One of the state’s top architects says the collective approach to higher-density living in Perth needs to change.
One of the state’s top architects says the collective approach to higher-density living in Perth needs to change.
The word ‘density’ does not typically attract many negative connotations in terms of housing development in the major cities of the world.
It’s a different story in Perth, however.
In the Western Australian capital, the thinking has traditionally been that apartment living is a lesser option to living in a house.
Some of the reticence to accept multi-residential living in Perth comes from what was built in the 1960s and 1970s – big blocks of flats that dominated the landscape in which they are built.
With those flats came community angst, due in part to the fact many apartments were rentals, which led to an increasingly transient population in the suburbs.
These days, apartment living is slowly gaining acceptance in Perth, driven by a mix of international migrants moving to Perth who are more used to inner-city living, as well as a new generation of first-time homebuyers that have no interest in living out in the suburbs.
But Donaldson and Warn director Geoff Warn said concerns over higher-density living was still an issue facing developers, despite the need for Perth to halt its urban sprawl.
“Density tends to get easily conflated with compression, and that the idea of compressing people together equals a lesser lifestyle,” Mr Warn, who is also the state government architect for Western Australia, told Business News.
“I think you can see density as not only giving people more choice and more variety in all different directions, putting them closer to work, retail and culture, but also giving them greater tolerance living with a whole range of different sorts of people, rather than one monoculture you tend to get in suburbs, particularly in new suburbs.”
The problem with denser development in Perth, Mr Warn said, was planning guidelines that failed to allow for creative development.

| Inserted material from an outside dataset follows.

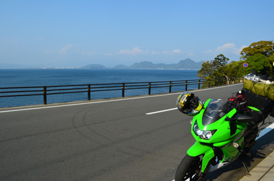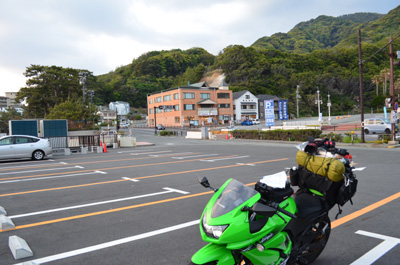 Ninjaの前で今後のルートを確認していると、「北九州からですか?私も実家は北九州です」と40歳過ぎと思われる人から声を掛けられる。その人は豊川ナンバーのハーレーで焼津に仲間と海鮮丼を食べに行くらしい。

Mr Warn said the predominant built form for multi-residential living in Perth was a building known as a podium design – a building of around three or four stories that interacted with the street, while also supporting a taller building on top that was set back from view.
“We might get better community and public amenity if we don’t always apply the podium model to every solution,” he said.
“Our podium model tends to stretch activation at ground level, which tends to be shops all down the street.
“We’re pulling down old buildings that have character and putting up bland ones in their place and we’re putting commercial at the ground level because that’s what planners ask for to activate them.
“We’re not putting our best foot forward on how to create healthy and cohesive societies in a denser environment, to get the advantages around lots of variety and richness.
“We’re getting a monoculture jammed into a bitumen environment; it’s not the smartest thing to do.”
Mr Warn said Perth developers and architects needed to heed lessons learned in other international cities, where the growth model was radically different to how the WA capital had sprawled along the coast.
Donaldson and Warn recently appointed Buenos Aries native Daniel Aisenson as one of its directors, with his experience expected to bring a new perspective to Perth design.
Mr Aisenson said apartment towers in Buenos Aries were a much different product than what was being developed in Perth.
“The towers are an element themselves; there is a rich green setting on the ground floor, or even when you do build a podium, the podium gives something to the public space,” Mr Aisenson said.
“When you have very significant developments the city demands the development gives something in return to the city.
“If we can bring the best of lessons learned from overseas and try to apply them to a city that is trying to grow in a mature way, the potential is amazing.”